▸ TASK DIRECTIONS
Your task is to print, exactly and only, the lines from the start of the entries below through the line with "本报讯 (龙岗融媒记者 刘雯琪". Include both ends, but skip the pictures.

Dataset records:

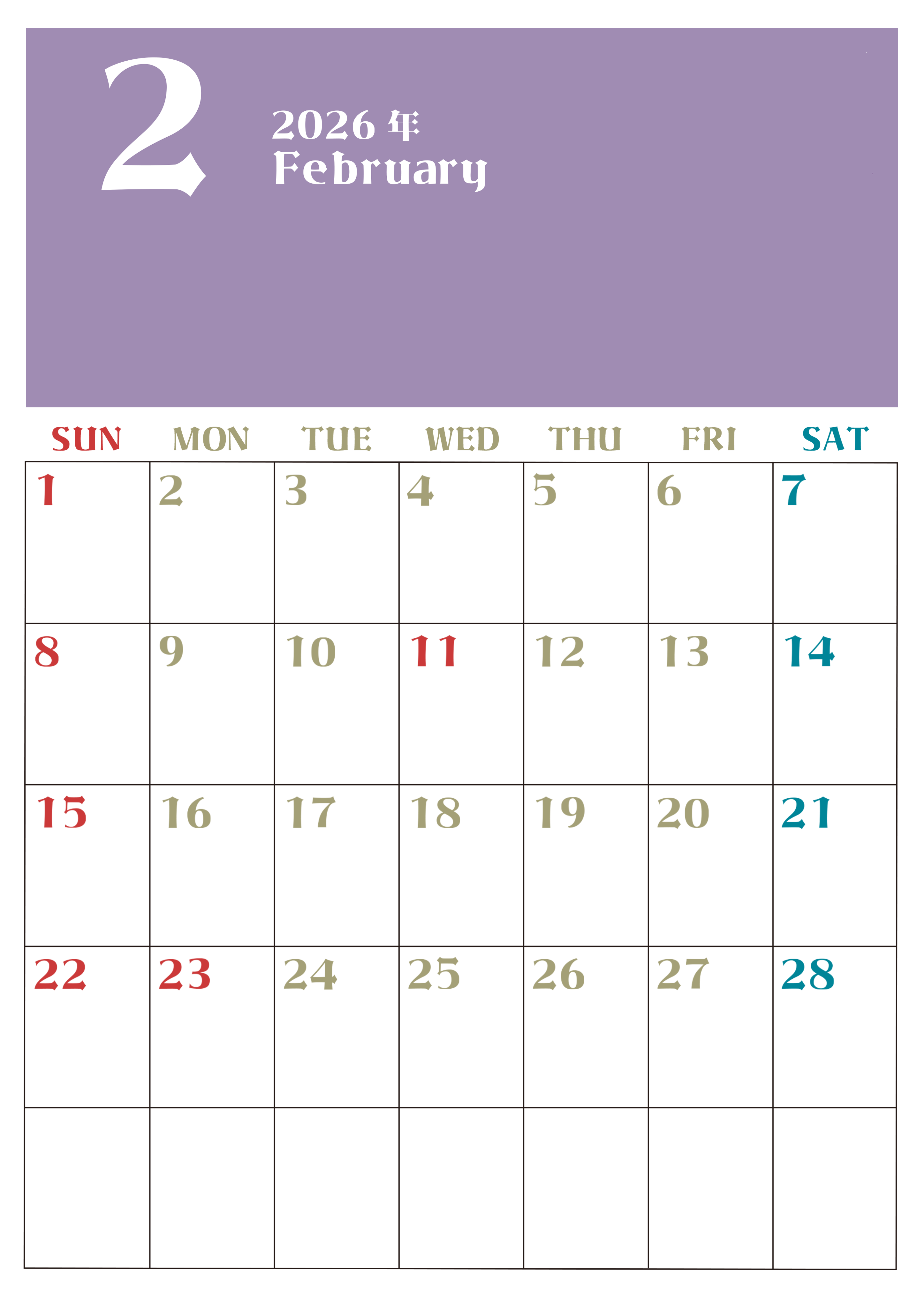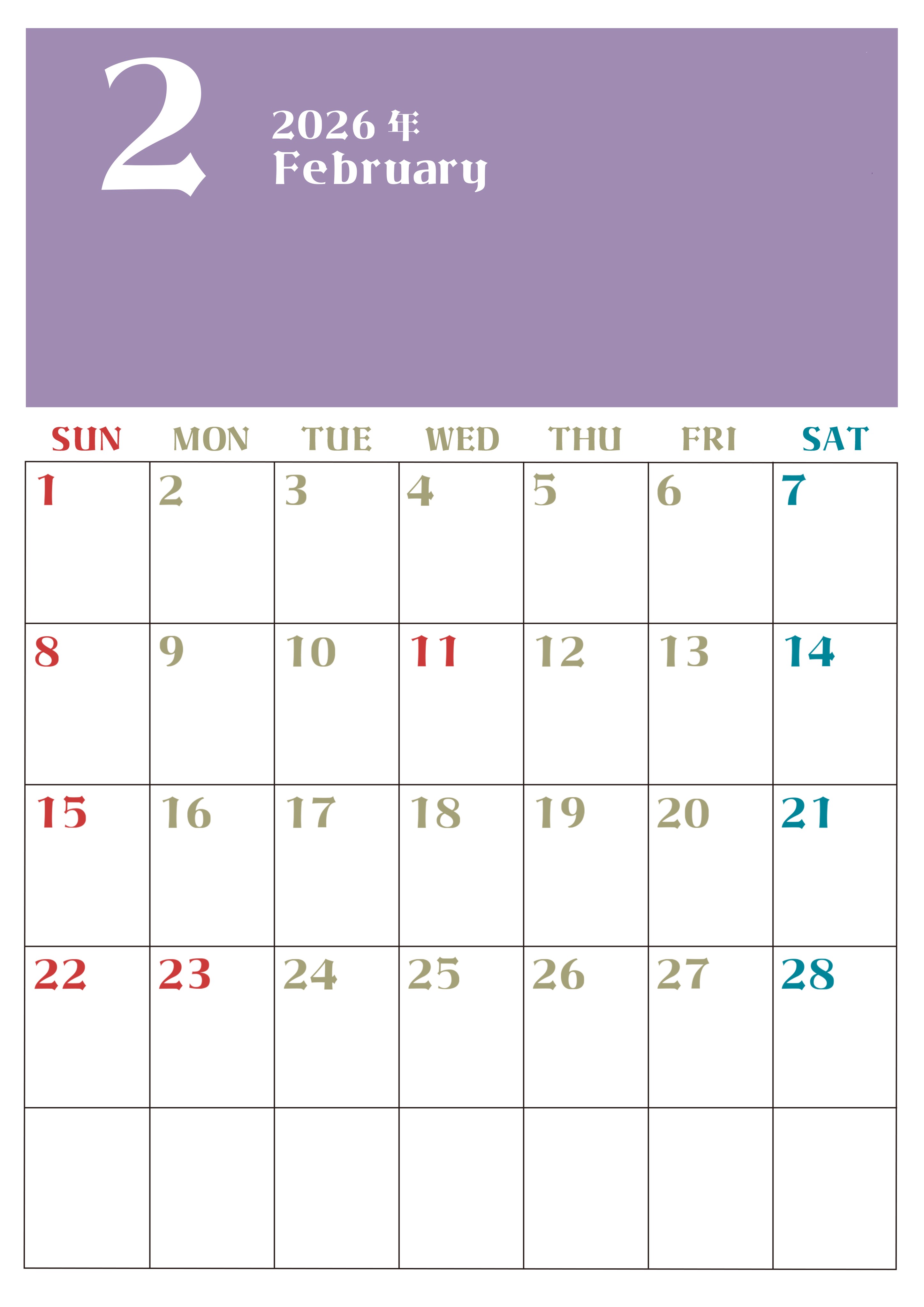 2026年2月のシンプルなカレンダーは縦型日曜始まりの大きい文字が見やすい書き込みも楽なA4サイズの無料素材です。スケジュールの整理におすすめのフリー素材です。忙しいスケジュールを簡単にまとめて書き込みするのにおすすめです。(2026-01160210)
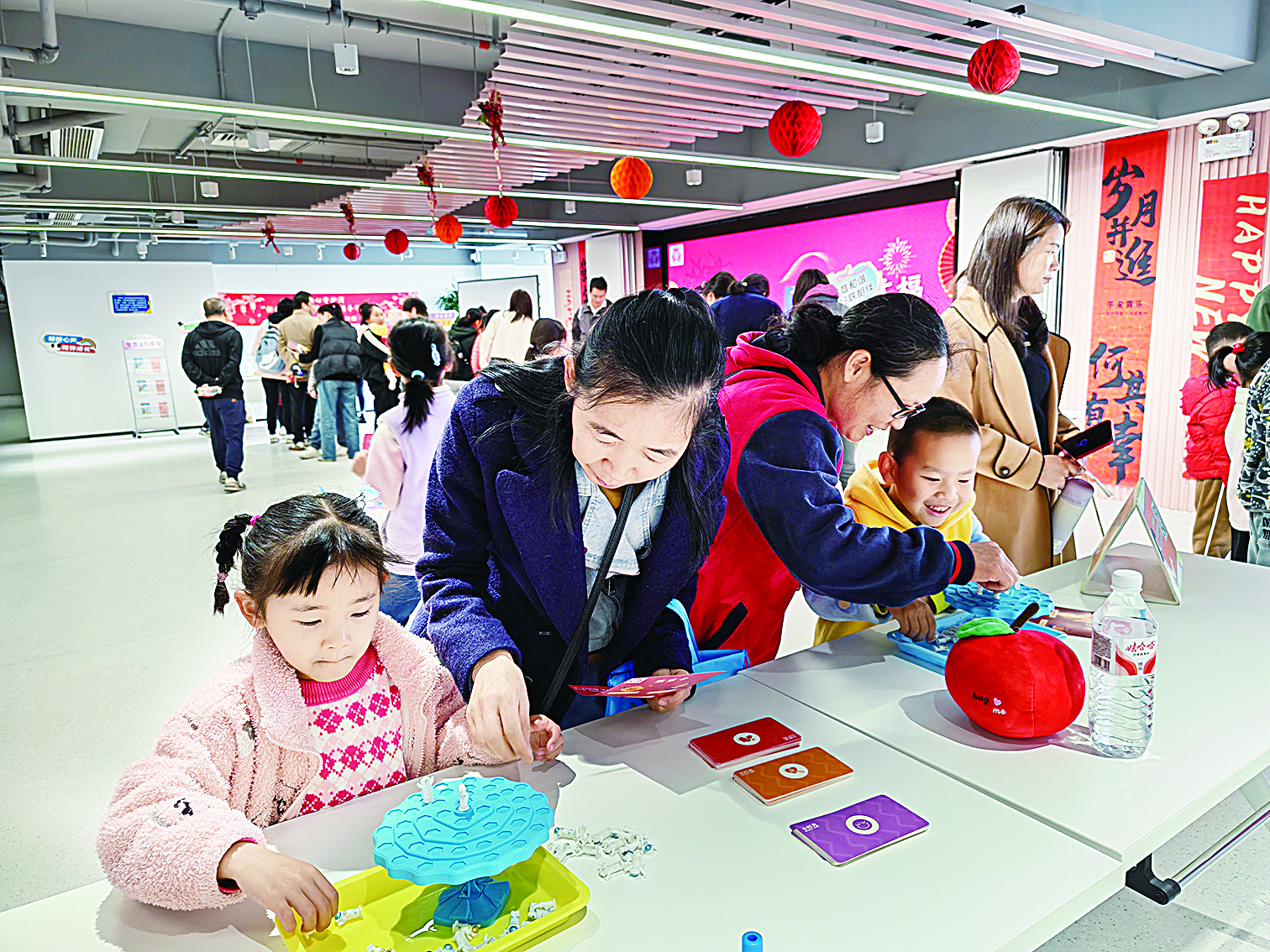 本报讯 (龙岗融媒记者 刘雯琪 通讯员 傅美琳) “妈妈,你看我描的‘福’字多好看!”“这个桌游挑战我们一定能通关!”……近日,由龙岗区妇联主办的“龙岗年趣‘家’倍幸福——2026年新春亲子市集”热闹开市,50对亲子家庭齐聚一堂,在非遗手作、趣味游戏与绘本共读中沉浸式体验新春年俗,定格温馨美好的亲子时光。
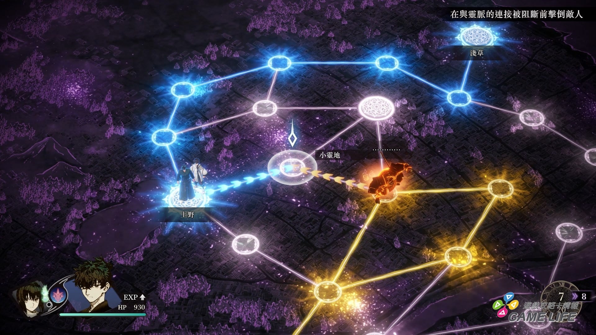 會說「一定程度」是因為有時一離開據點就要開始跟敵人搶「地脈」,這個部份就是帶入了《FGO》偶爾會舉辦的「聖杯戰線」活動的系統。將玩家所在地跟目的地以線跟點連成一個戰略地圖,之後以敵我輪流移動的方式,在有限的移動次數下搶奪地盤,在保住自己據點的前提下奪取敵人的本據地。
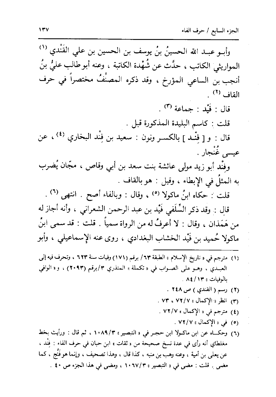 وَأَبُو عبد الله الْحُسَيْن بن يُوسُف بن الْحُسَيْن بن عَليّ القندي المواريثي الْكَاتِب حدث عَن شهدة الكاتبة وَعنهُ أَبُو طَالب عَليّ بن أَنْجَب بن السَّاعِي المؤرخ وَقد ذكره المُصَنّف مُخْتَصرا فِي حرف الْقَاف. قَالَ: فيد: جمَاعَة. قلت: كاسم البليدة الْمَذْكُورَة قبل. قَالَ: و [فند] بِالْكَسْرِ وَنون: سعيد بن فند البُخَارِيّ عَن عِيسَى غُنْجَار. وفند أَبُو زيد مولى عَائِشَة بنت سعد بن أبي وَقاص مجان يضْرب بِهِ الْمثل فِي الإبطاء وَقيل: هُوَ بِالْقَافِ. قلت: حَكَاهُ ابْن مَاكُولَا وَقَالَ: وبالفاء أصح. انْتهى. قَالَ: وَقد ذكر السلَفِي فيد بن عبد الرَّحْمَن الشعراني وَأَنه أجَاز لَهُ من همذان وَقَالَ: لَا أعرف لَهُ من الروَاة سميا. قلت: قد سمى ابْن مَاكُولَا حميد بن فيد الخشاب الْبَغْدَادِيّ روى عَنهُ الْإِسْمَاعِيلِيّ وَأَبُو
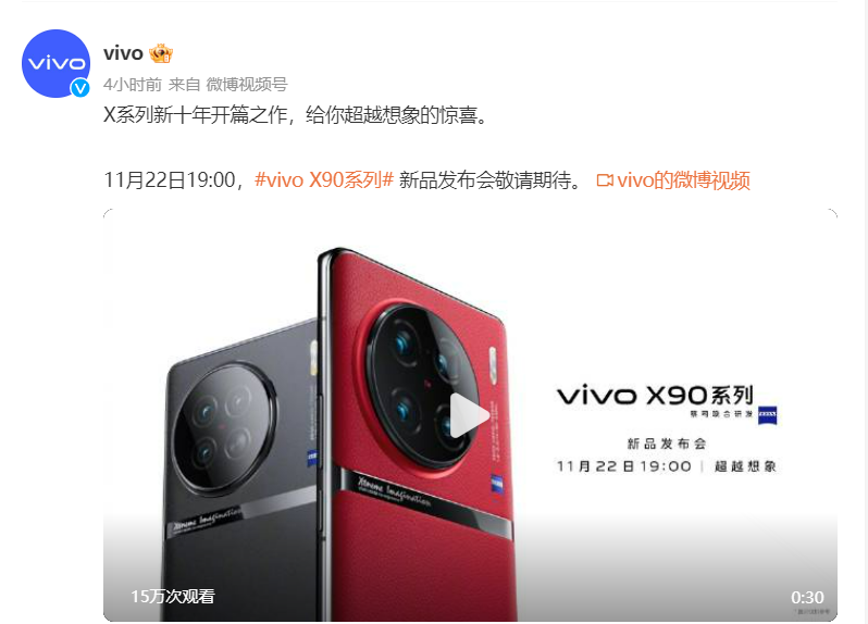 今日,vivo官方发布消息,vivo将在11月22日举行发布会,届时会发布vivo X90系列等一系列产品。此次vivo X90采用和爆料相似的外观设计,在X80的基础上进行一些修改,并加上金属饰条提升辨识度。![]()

▸ RESULT FOR THIS EXERCISE
 2026年2月のシンプルなカレンダーは縦型日曜始まりの大きい文字が見やすい書き込みも楽なA4サイズの無料素材です。スケジュールの整理におすすめのフリー素材です。忙しいスケジュールを簡単にまとめて書き込みするのにおすすめです。(2026-01160210)
 本报讯 (龙岗融媒记者 刘雯琪 通讯员 傅美琳) “妈妈,你看我描的‘福’字多好看!”“这个桌游挑战我们一定能通关!”……近日,由龙岗区妇联主办的“龙岗年趣‘家’倍幸福——2026年新春亲子市集”热闹开市,50对亲子家庭齐聚一堂,在非遗手作、趣味游戏与绘本共读中沉浸式体验新春年俗,定格温馨美好的亲子时光。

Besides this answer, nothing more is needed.